In rare scenarios, Rollback of policy action may be required, owing to inadvertent errors from users in approving a dataset for a policy, or in the wrong choice of policy application configuration (such as setting an incorrect TTL value).
- Recover data after deletion – This can happen in multiple cases like wrong TTL configuration by the user, TTL enforcement initiatives to save cost or to mitigate unforeseen downstream impact. To support this, we follow a two-phase delete: soft-delete into the stash location for a pre-defined duration, after which the data is hard-deleted.
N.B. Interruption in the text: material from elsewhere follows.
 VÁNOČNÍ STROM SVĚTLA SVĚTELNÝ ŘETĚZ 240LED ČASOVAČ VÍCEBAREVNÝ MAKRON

- Reverse tiering from hot → warm or warm → cold – This is required to help balance load on the warm or the cold storage tiers and move frequently accessed data back to hot tier.
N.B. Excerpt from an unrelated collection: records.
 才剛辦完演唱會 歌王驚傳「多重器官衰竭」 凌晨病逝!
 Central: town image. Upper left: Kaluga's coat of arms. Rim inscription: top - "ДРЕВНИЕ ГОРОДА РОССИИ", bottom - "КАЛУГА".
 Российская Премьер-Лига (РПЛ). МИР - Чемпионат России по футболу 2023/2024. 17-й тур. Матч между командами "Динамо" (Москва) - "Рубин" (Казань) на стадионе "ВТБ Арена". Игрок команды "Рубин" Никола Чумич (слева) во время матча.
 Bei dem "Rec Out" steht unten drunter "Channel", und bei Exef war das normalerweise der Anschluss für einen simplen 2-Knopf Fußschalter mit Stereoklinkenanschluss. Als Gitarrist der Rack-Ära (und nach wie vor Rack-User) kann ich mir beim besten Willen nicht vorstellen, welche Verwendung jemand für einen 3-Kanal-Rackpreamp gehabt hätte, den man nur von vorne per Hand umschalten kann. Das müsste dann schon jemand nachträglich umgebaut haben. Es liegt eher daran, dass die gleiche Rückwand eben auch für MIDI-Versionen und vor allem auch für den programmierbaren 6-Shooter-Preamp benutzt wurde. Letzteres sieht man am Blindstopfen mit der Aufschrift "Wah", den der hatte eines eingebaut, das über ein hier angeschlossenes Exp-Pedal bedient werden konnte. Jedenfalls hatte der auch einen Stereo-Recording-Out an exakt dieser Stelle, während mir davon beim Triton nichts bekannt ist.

Monitoring of the Data Lifecycle Operations should cater to the different personas who are interested in tracking them.
- Policy-level monitoring, for the policy/business owner to track the policy-funnel for a particular policy
- # of potential candidate datasets
- # of approved datasets
- # of onboarded datasets
- # and which datasets are executed within SLA for this policy
- # and which datasets are not executed within SLA for this policy
- Dataset-level monitoring, for the dataset owner/users to track policy applicability and past execution status at a dataset level, which can be shown on the relevant UI
- Applicable policies
- Approval & policy-onboarding status
- History of past few policy actions
- Execution operation status for the last n days to know if the dataset is in SLA
Involves auditing all the actions of the system, including candidate identification, approvals, onboarding, and policy action details (like policy action type, trigger time, trigger parameters, completion time, completion status, operation details like steps performed and partitions processed, failure reason, etc.).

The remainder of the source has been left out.